Он никогда не говорил об этом с отцом, не пытался выяснить, насколько эти подробности правдивы. Ни к чему, да и вряд ли отец согласился бы отвечать. Смерть жены ожесточила его. Если раньше, в самом Валиноре, Эльдауро горел желанием увидеть земли Эндорэ и испытать там свои силы и умения — перед этим, конечно, приложив руку к победе над вероломным Врагом — то в Эндорэ он отгораживался от воспоминаний о прошлом, постоянно твердя, как заклинание, что в Блаженном краю у нолдор не было будущего: только тоска и смерть ждали их там, в застывшем царстве сонного покоя, для которого их деятельные души не были созданы.
— Даже если бы вернуться на Запад было так же просто, как дойти до соседней мастерской, я не сделал бы этого, — часто повторял он сыну. — Слышишь, не сделал бы! Свобода досталась нам немалой ценой, но тем больше стоит дорожить ею! Держаться за нее всей силой своей феа, до последнего вздоха! А тот, кто рыдает о невозможности возвратиться опять в уютную ловушку, жалкий глупец! Запомни это. Хорошенько запомни.
И Эльдануро запомнил. Он сам не знал точно, когда перестал соглашаться, только для того чтобы не спорить, и поверил словам отца больше, чем своей памяти и голосу сердца. Безоговорочно поверил. И продолжал верить, после того как отец погиб в первые годы Великой Осады.
Тогда Эльдануро остался один и уже сам охотно повторял те же слова для всех, кто оказывался готов его слушать. Нандор, родичи его жены, среди которых он прожил большую часть Первой Эпохи, только плечами пожимали, им дела не было до застывшего мертвого безвременья или чего угодно другого, что есть в Валиноре, они жили той жизнью, которую сами выбрали и не помышляли об ином. До поры до времени. Только Таурлинд принимала слова мужа близко к сердцу. И, к несчастью, никак не могла уличить его во лжи, в которой сам он был так твердо убежден.
— Жалкий глупец! — с горечью прошептал Эльдануро, подавляя желание со всей силы стукнуться головой о край лодки: голове это не поможет, а бедной лодке и без того досталось.
Сколько лет! Сколько эпох! Он держался за свою веру и на все уговоры отвечал:
— Я не вернусь в Валинор! Безумие оставлять настоящую живую жизнь во имя сонного покоя.

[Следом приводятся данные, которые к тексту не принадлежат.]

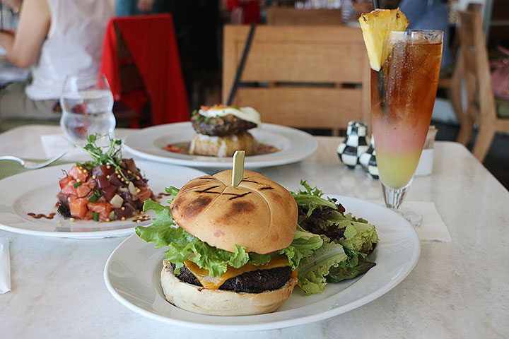 シンプルなハンバーガー「マリポサバーガー」も美味しくておすすめ。グラスフェド(牧草のみを餌に育てられた)の和牛ビーフ使用のパテにトロリと溶けたチェダーチーズ、グリルされた甘いオニオン、レタス、トマト入りのシンプルかつ豪華です。
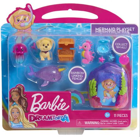 Bring the magic of Dreamtopia to life with this enchanting Barbie Mermaid playset. Your child can dive into a world of imagination and adventure with Barbie and her underwater friends. The set includes a beautiful mermaid doll with colorful hair and a sparkly tail, as well as a variety of accessories to help your child create their own underwater kingdom. The mermaids tail lights up and plays music, adding an extra element of fun to playtime. Your child can also use the included comb to style Barbies hair and create endless mermaid-inspired looks. Made with high-quality materials, this playset is built to last and provide endless hours of imaginative play. Give your child the gift of magic and wonder with this delightful Barbie Mermaid playset.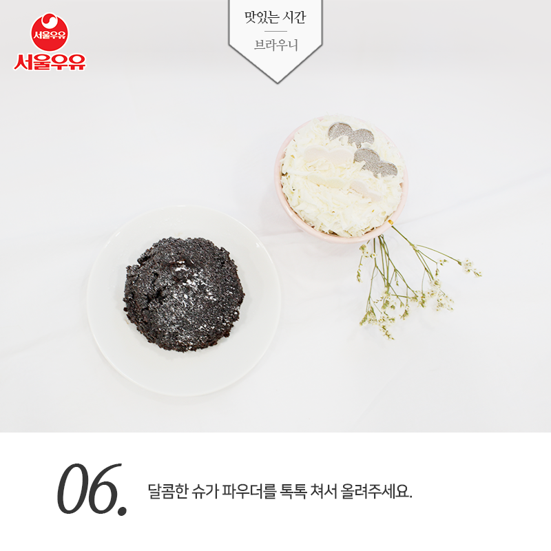 순식간에 달콤한 브라우니 디저트 완성! 목장의 신선함이 살아있는 우유가 들어가 더 부드러워요 :D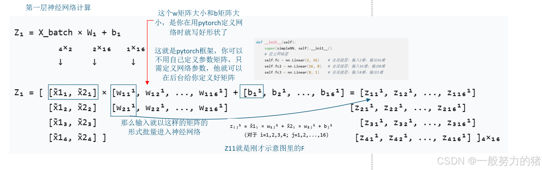 self.fc = nn.Linear(2, 16) # 全连接层:输入2维,输出16维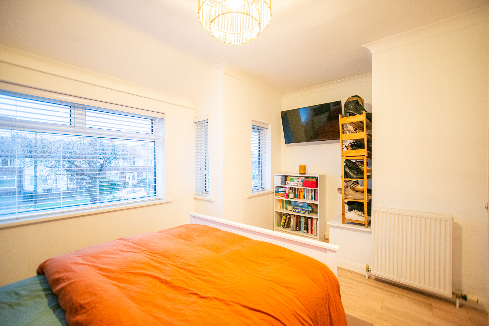 With laminate flooring, feature fireplace, storage, radiator, and window.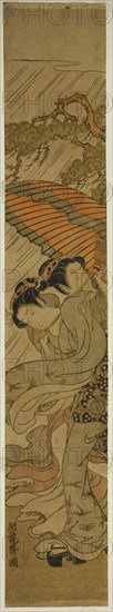 Two Young Women with Umbrella Caught in Rainstorm, c. 1771. Creator: Isoda Koryusai.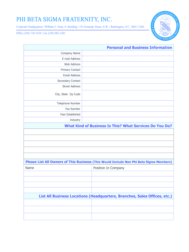 Personal and Business Information Company Name Email Address Web Address Primary Contact Email Address Secondary Contact Street Address City, State Zip Code Telephone Number Fax Number Year Established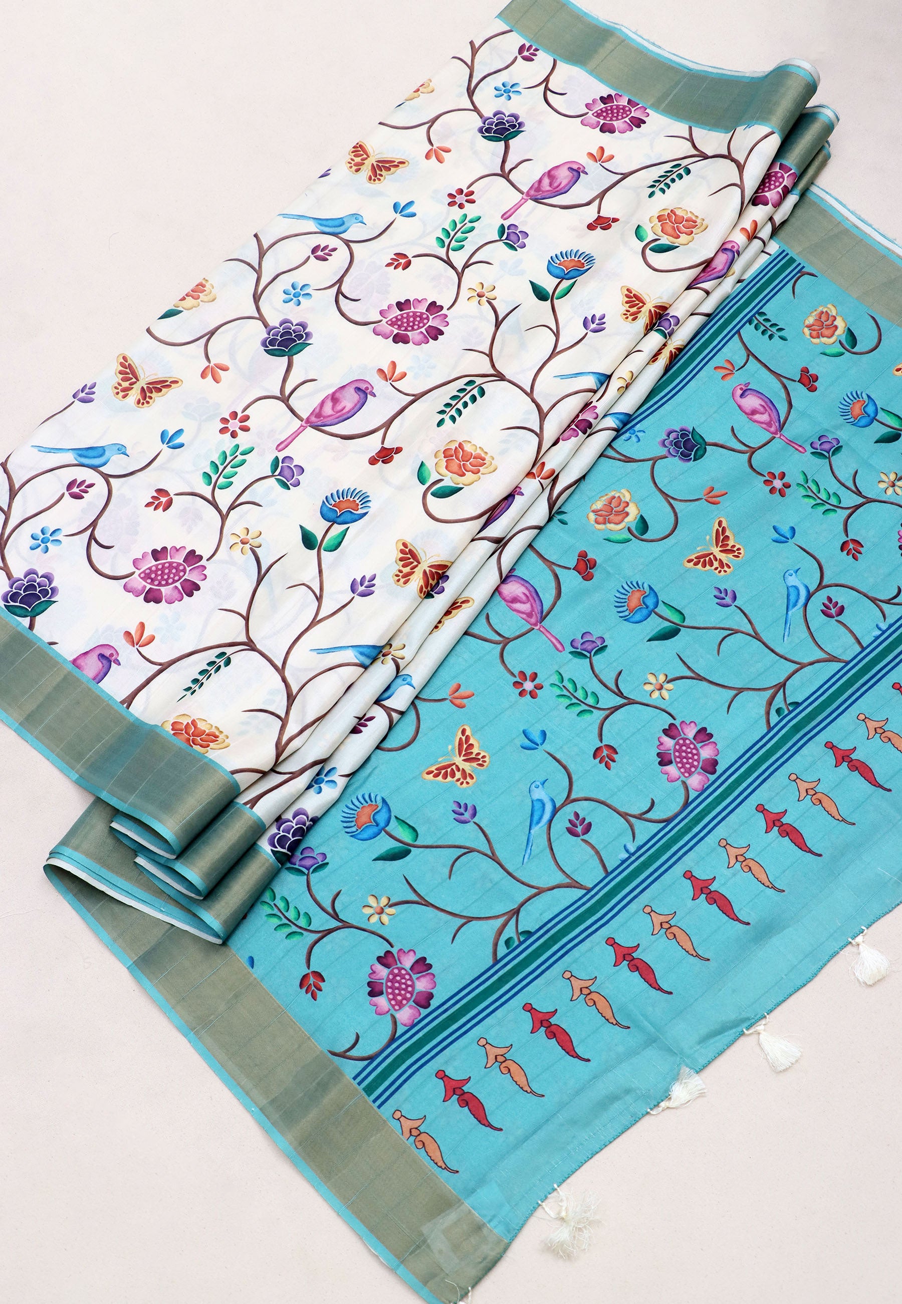 Home > > Magic Mudra Saree with White Colour and Border With Blue Shade-(SA-621)

Жизнь вокруг менялась, а ответ — нет. Эльдануро видел, конечно, что все меньше остается в Эндорэ мест, где можно спокойно жить на воле. Чувствовал усталость, свою и родных, слышал, что песни становятся все грустнее, а звучат все реже, что каждый новый день приносит меньше радости и стоит больше усилий, чем предыдущий. Он ловил себя на том, что его инструменты все дольше скучают без дела, а кузница давным-давно не помнит огня. И страшно представить, сколько времени уже не хотелось ему сотворить что-нибудь действительно новое. Эльдануро ощущал все это, словно посторонний шум в привычной мелодии, но не помышлял о переменах. И домашние безропотно принимали это, не пробуя его переубедить.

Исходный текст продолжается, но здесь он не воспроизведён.